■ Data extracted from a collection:
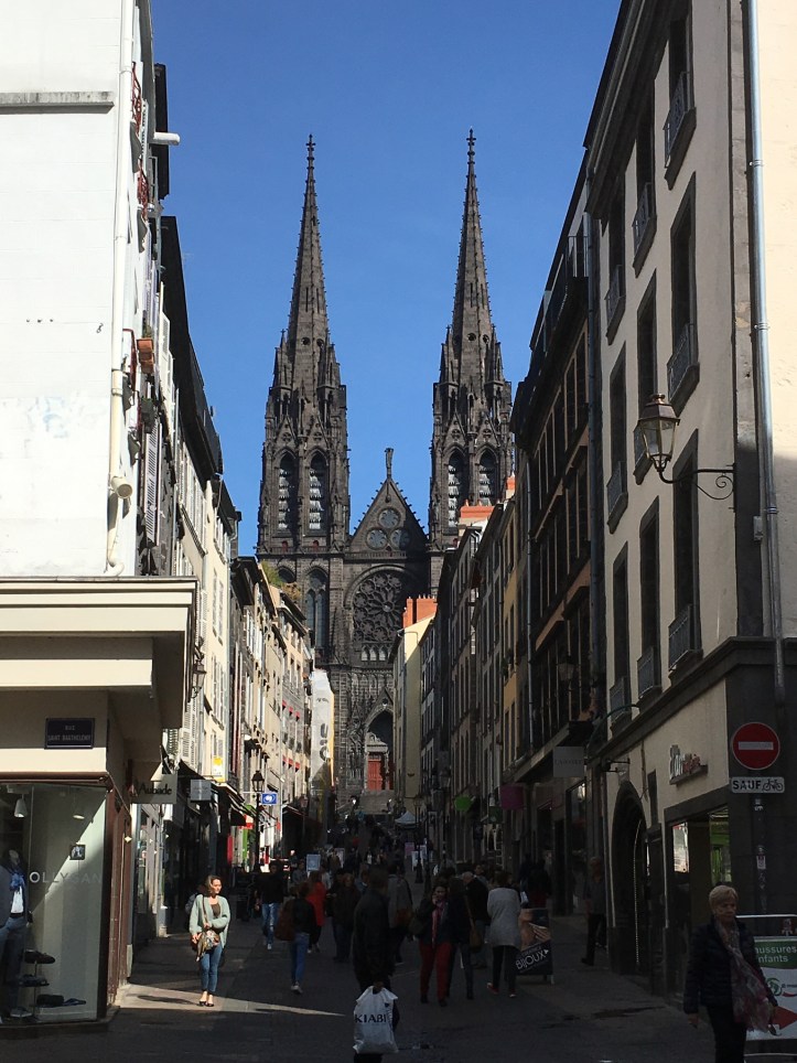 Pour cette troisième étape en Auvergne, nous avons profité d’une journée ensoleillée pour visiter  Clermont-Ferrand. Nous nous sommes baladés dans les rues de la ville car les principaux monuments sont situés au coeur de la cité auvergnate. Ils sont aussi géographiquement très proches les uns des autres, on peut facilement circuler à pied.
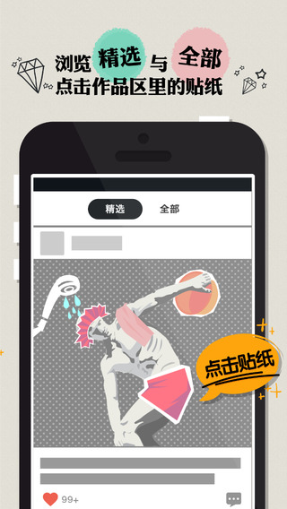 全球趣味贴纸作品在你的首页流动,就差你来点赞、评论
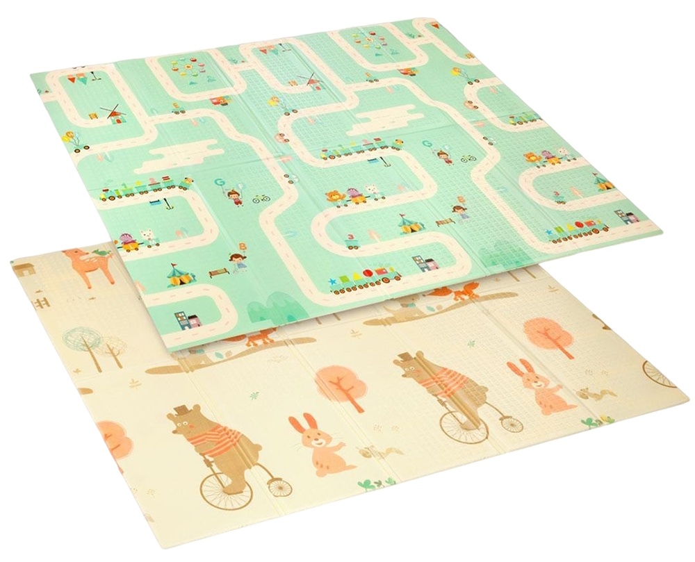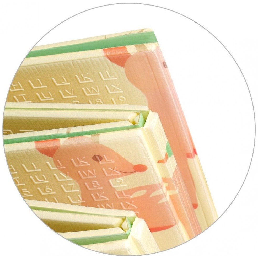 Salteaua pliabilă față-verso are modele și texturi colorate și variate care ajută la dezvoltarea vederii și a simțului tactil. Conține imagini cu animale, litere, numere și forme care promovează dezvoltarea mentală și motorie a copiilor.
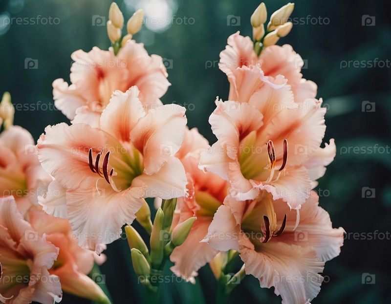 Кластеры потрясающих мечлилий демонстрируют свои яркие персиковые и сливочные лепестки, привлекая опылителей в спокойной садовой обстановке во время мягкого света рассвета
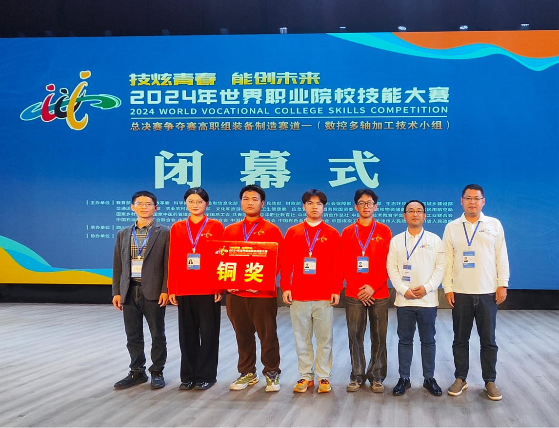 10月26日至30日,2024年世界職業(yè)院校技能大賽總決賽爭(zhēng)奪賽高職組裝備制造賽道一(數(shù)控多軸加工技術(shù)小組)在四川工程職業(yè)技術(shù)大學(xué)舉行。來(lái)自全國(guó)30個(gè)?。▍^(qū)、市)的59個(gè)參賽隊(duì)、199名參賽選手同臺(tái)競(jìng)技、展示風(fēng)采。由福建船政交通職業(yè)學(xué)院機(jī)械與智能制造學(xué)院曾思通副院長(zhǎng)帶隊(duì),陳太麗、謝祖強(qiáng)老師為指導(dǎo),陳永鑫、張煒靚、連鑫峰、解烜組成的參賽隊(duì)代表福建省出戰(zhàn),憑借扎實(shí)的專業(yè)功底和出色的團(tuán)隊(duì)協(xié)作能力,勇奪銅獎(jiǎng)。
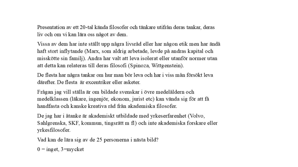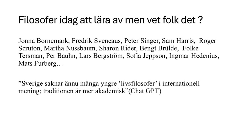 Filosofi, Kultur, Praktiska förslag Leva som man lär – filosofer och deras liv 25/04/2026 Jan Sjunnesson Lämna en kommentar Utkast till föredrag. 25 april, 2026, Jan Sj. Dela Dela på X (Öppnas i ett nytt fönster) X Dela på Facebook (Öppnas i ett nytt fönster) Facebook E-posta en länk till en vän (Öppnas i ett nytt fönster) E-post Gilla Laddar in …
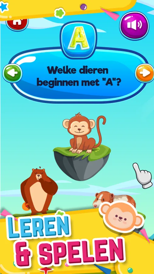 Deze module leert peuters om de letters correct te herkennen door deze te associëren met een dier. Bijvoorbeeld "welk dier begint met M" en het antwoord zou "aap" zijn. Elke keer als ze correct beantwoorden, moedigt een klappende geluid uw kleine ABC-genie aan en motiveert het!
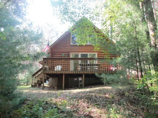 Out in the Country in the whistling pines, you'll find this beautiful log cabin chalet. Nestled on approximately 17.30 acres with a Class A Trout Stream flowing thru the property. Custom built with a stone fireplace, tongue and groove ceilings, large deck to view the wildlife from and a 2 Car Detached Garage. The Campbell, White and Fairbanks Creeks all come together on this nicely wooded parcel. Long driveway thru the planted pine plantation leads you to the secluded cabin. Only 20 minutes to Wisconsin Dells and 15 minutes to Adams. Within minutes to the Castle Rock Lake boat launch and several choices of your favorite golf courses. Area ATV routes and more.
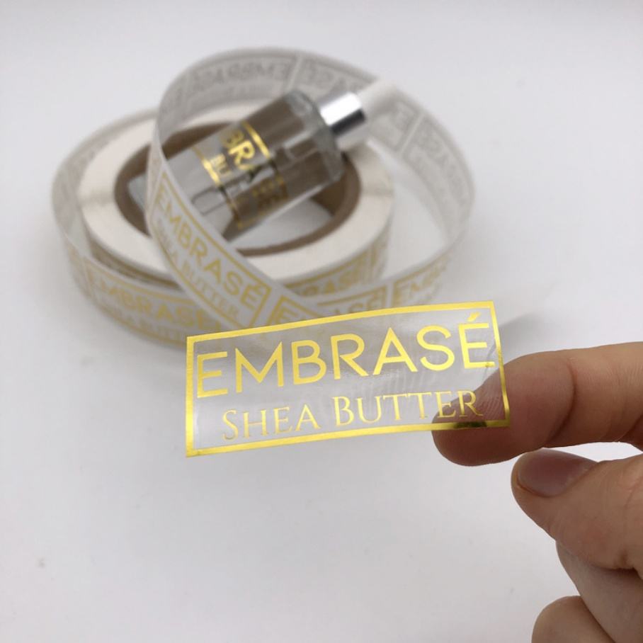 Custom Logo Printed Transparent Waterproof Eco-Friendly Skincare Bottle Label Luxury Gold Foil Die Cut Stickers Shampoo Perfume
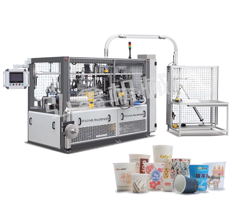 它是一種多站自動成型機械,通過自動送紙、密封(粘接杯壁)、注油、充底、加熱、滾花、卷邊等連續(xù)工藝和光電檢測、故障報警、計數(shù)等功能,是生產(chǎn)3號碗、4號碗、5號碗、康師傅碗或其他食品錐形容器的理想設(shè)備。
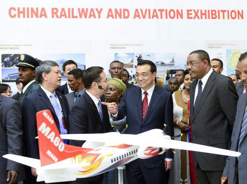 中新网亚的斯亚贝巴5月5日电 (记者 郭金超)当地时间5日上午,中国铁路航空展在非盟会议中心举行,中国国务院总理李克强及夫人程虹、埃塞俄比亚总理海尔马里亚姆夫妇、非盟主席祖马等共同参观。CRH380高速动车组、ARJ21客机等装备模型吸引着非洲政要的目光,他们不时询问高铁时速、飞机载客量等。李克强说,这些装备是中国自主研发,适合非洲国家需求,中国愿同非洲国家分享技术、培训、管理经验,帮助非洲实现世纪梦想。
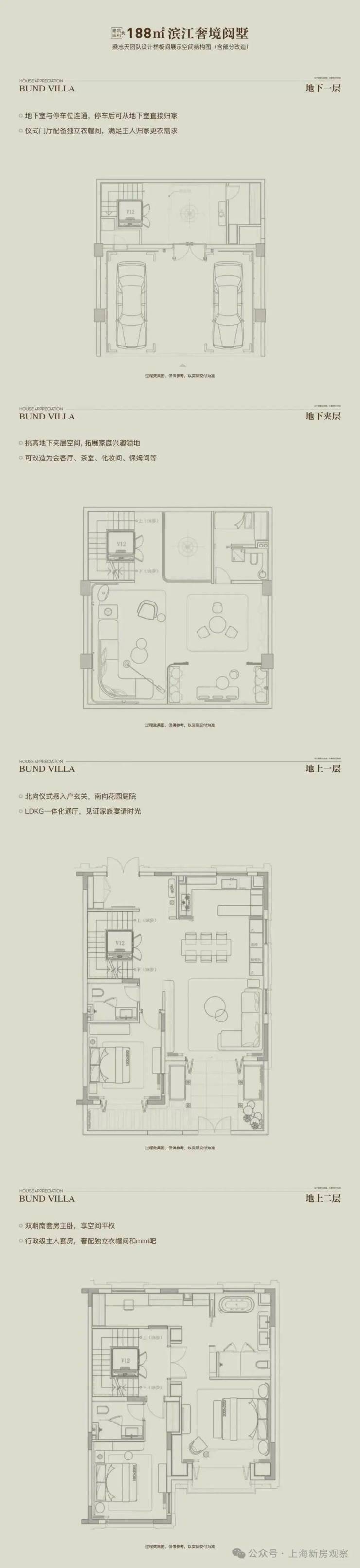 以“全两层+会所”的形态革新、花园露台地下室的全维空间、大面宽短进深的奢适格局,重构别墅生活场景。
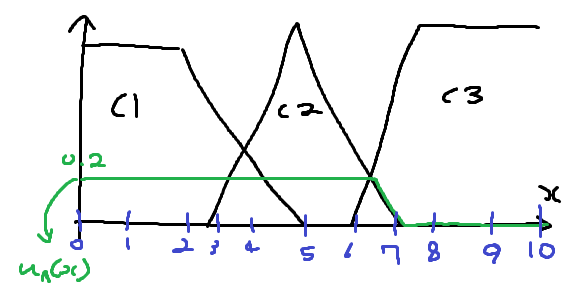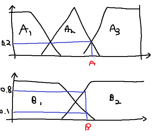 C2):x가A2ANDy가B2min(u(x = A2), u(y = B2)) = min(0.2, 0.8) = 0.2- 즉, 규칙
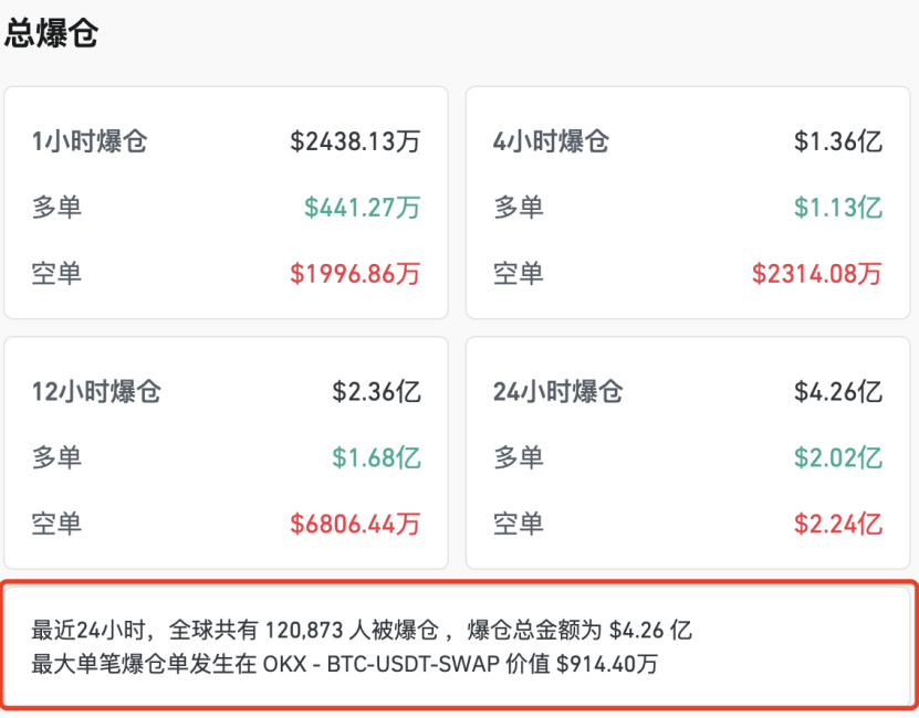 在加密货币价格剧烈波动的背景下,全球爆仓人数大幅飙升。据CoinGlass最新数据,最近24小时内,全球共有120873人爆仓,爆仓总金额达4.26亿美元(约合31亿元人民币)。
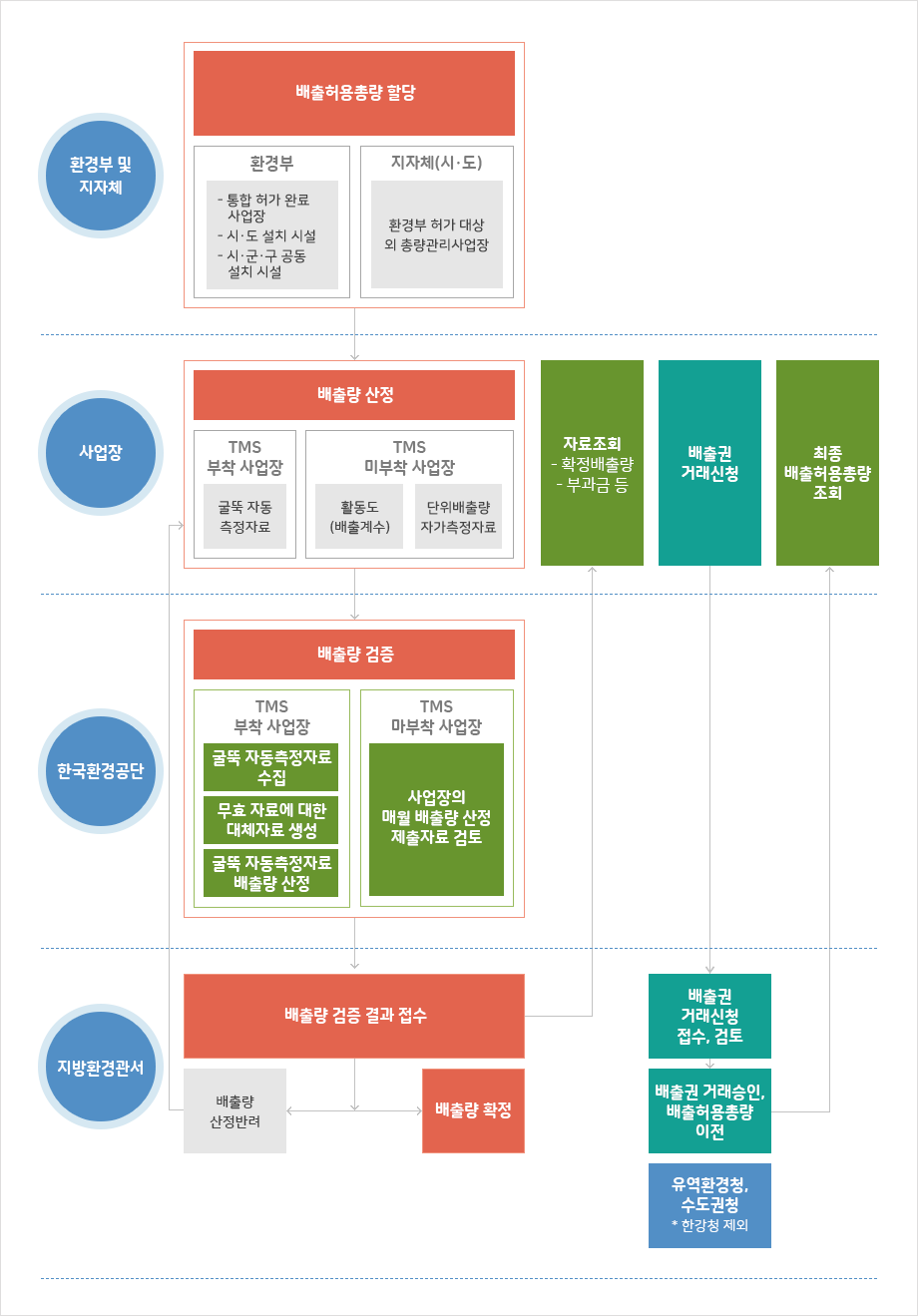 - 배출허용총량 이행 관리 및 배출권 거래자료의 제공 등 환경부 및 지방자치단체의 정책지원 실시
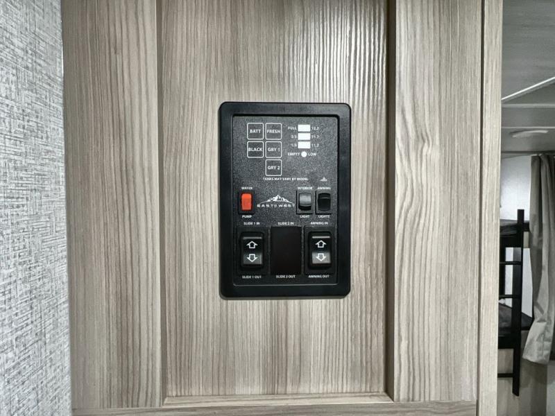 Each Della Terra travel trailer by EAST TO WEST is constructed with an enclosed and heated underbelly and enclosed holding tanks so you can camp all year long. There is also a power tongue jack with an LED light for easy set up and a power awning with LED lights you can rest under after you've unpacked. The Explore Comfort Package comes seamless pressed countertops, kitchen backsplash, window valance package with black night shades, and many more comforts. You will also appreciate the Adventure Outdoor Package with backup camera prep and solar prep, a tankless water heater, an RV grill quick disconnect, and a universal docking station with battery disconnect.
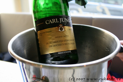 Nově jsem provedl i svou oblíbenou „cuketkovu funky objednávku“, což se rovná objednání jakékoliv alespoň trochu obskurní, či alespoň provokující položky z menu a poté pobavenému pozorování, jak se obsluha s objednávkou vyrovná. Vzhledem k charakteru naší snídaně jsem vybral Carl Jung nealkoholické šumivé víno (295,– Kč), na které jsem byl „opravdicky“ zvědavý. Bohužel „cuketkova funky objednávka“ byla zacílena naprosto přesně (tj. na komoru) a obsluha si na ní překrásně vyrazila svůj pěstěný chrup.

■ ACTION ITEM: Leaving out each picture, repeat exactly the lines above from the one that contains "Filosofi, Kultur, Praktiska" through the one that contains "在加密货币价格剧烈波动的背景".

■ RESULT FOR THIS EXERCISE:
 Filosofi, Kultur, Praktiska förslag Leva som man lär – filosofer och deras liv 25/04/2026 Jan Sjunnesson Lämna en kommentar Utkast till föredrag. 25 april, 2026, Jan Sj. Dela Dela på X (Öppnas i ett nytt fönster) X Dela på Facebook (Öppnas i ett nytt fönster) Facebook E-posta en länk till en vän (Öppnas i ett nytt fönster) E-post Gilla Laddar in …
 Deze module leert peuters om de letters correct te herkennen door deze te associëren met een dier. Bijvoorbeeld "welk dier begint met M" en het antwoord zou "aap" zijn. Elke keer als ze correct beantwoorden, moedigt een klappende geluid uw kleine ABC-genie aan en motiveert het!
 Out in the Country in the whistling pines, you'll find this beautiful log cabin chalet. Nestled on approximately 17.30 acres with a Class A Trout Stream flowing thru the property. Custom built with a stone fireplace, tongue and groove ceilings, large deck to view the wildlife from and a 2 Car Detached Garage. The Campbell, White and Fairbanks Creeks all come together on this nicely wooded parcel. Long driveway thru the planted pine plantation leads you to the secluded cabin. Only 20 minutes to Wisconsin Dells and 15 minutes to Adams. Within minutes to the Castle Rock Lake boat launch and several choices of your favorite golf courses. Area ATV routes and more.
 Custom Logo Printed Transparent Waterproof Eco-Friendly Skincare Bottle Label Luxury Gold Foil Die Cut Stickers Shampoo Perfume
 它是一種多站自動成型機械,通過自動送紙、密封(粘接杯壁)、注油、充底、加熱、滾花、卷邊等連續(xù)工藝和光電檢測、故障報警、計數(shù)等功能,是生產(chǎn)3號碗、4號碗、5號碗、康師傅碗或其他食品錐形容器的理想設(shè)備。
 中新网亚的斯亚贝巴5月5日电 (记者 郭金超)当地时间5日上午,中国铁路航空展在非盟会议中心举行,中国国务院总理李克强及夫人程虹、埃塞俄比亚总理海尔马里亚姆夫妇、非盟主席祖马等共同参观。CRH380高速动车组、ARJ21客机等装备模型吸引着非洲政要的目光,他们不时询问高铁时速、飞机载客量等。李克强说,这些装备是中国自主研发,适合非洲国家需求,中国愿同非洲国家分享技术、培训、管理经验,帮助非洲实现世纪梦想。
 以“全两层+会所”的形态革新、花园露台地下室的全维空间、大面宽短进深的奢适格局,重构别墅生活场景。
 C2):x가A2ANDy가B2min(u(x = A2), u(y = B2)) = min(0.2, 0.8) = 0.2- 즉, 규칙
 在加密货币价格剧烈波动的背景下,全球爆仓人数大幅飙升。据CoinGlass最新数据,最近24小时内,全球共有120873人爆仓,爆仓总金额达4.26亿美元(约合31亿元人民币)。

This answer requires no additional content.